We are fully committed to building out a smart home that focuses on local control and privacy. Yes there are rough edges, but we're actively working on it in the open, with progress being released every month.

~Paulus Founder Home Assistant & President Open Home Foundation https://github.com/balloob

[1]: https://www.openhomefoundation.org [2]: https://www.openhomefoundation.org/blog/announcing-the-open-...

pabs3•11mo ago
Discussion for the other article in the series:

https://news.ycombinator.com/item?id=44011381

tomhow•11mo ago
Comments moved thither. Thanks!
pabs3•11mo ago
They are two different articles, I don't think that was correct.
tomhow•11mo ago
The problem is we can’t have two closely-related threads (i.e., threads where there is significant subject/discussion overlap) active at once.

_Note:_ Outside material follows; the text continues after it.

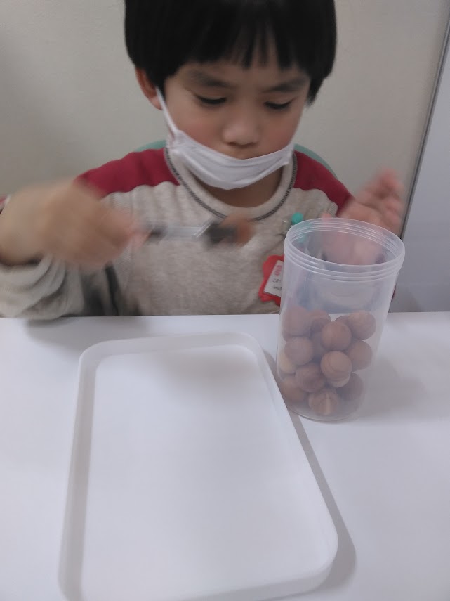 今日は個別課題のについてです。木の玉を小さなトングで挟んで、プラスチックの容器に移し入れる課題です。トングをきちんと使えることや指先の力、また目できちんと最後まで木の玉を追うことも大切です。すごく集中して行わないとできないですよね。お子さんの集中力は本当に凄いです!!!

When that happens it just gets confusing, because it’s hard for people know which thread to comment in, if the comment they want to make is somewhere in the overlap. And then whichever one they choose to comment in, people who only see the other thread won’t see that comment. Then sometimes, anticipating this, people will copy and paste their comment in both threads (which happened in this case). But then each one gets different replies.

So each thread ends up being incomplete and duplicated all at once, and it all becomes a big confusing mess.

The fact that these two articles were by the same author, had the same title, were published just a week apart and could easily have been published as one, longer article, says to me that merging the threads was the right thing to do.

The other option would have been to bury the second thread and consider another thread about that second article a few months later, but that didn’t seem like the best option, given how much the two articles are so related and continuous.

Edit: Just thought I'd add that a major factor in deciding to merge the threads was this opening to the second part by the author:

The first article in this series provided an overview of Home Assistant, its community, and its capabilities. It was deliberately short on descriptions of interesting things that can be done with Home Assistant, though — the reasons why one might actually want to use this program. In this closing article, we'll look at how Home Assistant was used to solve some real problems.

To me it makes all the difference that the first part is introductory/high-level whilst the second part goes deeper into usage-scenarios. We'd treat it differently if each part went deeply into different aspects on the project.

pabs3•11mo ago
Thanks for the response, guess that makes sense.
pabs3•11mo ago
BTW, on lobste.rs, they can merge threads into one, and all the URLs are shown at the top. That might be a useful change to adopt for HN too?